The federal district court for the Southern District of Florida ruled that a wellness program requiring employees to complete a health risk assessment and a finger-stick blood test or pay a $20-per-pay period penalty was permissible under the Americans with Disabilities Act (ADA). Seff v. Broward County, No 10 cv 61437 (S.D. Fla. Apr. 11, 2011). As background, the ADA generally prohibits employee medical examinations or inquiries that are not job-related and consistent with business necessity. Exceptions to this prohibition exist for "voluntary wellness programs" and "bona fide benefit plans" that are based on underwriting risks, clarifying risks or administering risks.

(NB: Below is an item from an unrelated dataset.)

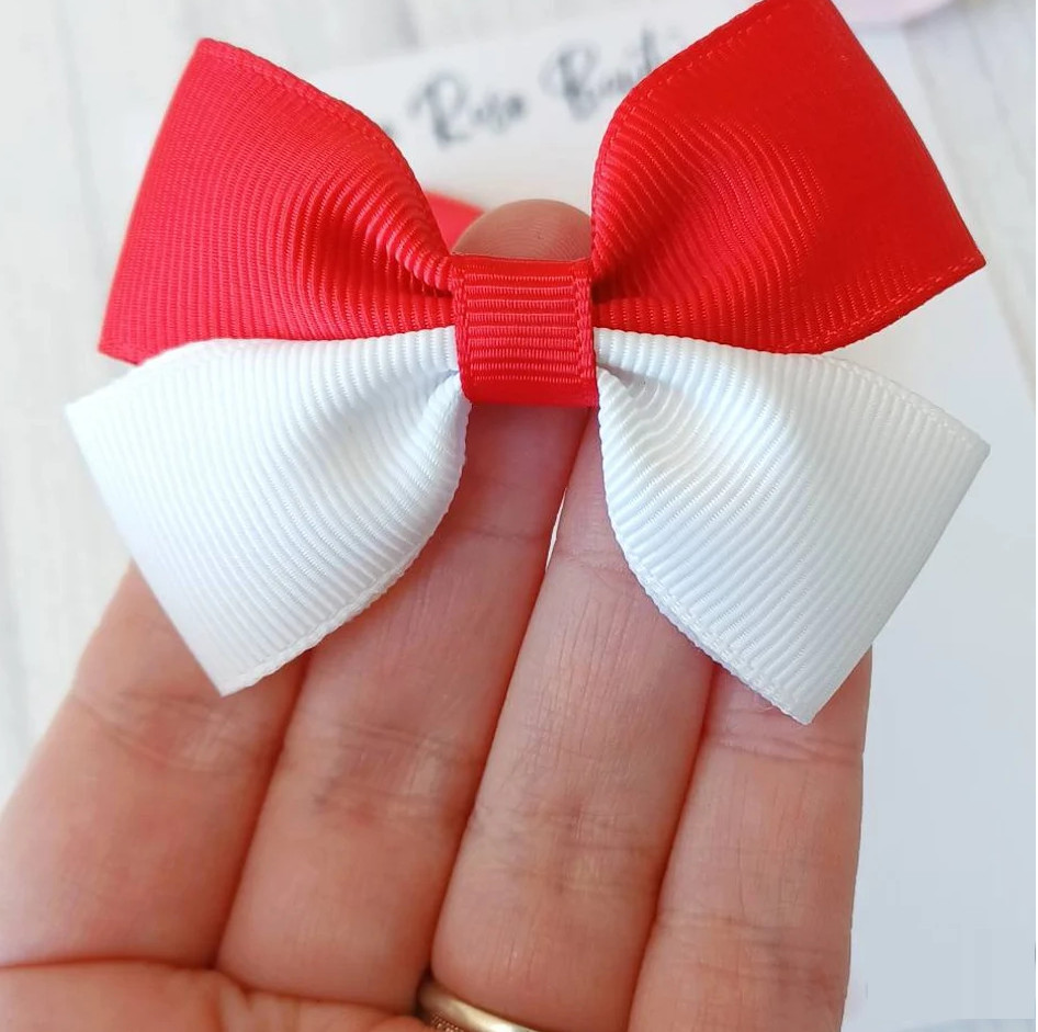 Kırmızı Beyaz Çift Renkli Klipsli Çocuk Tokası - Okul Tokaları, 2 Adet, Saç Fiyonkları
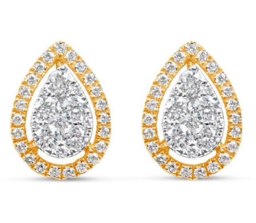 ESTATE 18KT WHITE AND YELLOW GOLD STUD EARRINGS. 3D CLASSIC CLUSTER TEAR DROP PEAR SHAPE HALO DESIGN. DIAMONDS ARE F/G COLOR, VSSI CLARITY .89 CARATS. WRITTEN APPRAISAL AVAILABLE. COMES IN A PRESENTABLE GIFT BOX.

The district court found that the wellness program administered and paid for by Broward County's insurer was a term of the County's health plan. The court then held that the wellness program satisfied the safe harbor provision for bona fide benefit programs because the program was designed to develop and administer present and future benefit plans using accepted principles of risk assessment.
Reinhart Comment: Because the district court relied on the ADA exception for bona fide benefit plans, it avoided reviewing whether the wellness program would be considered "voluntary" under the ADA. The Equal Employment Opportunity Commission (EEOC) has questioned whether a wellness program that imposes a penalty for failing to participate would be truly "voluntary" and it remains to be seen whether the EEOC or other courts will find the rationale in Seff persuasive for upholding other wellness programs with penalties for nonparticipation.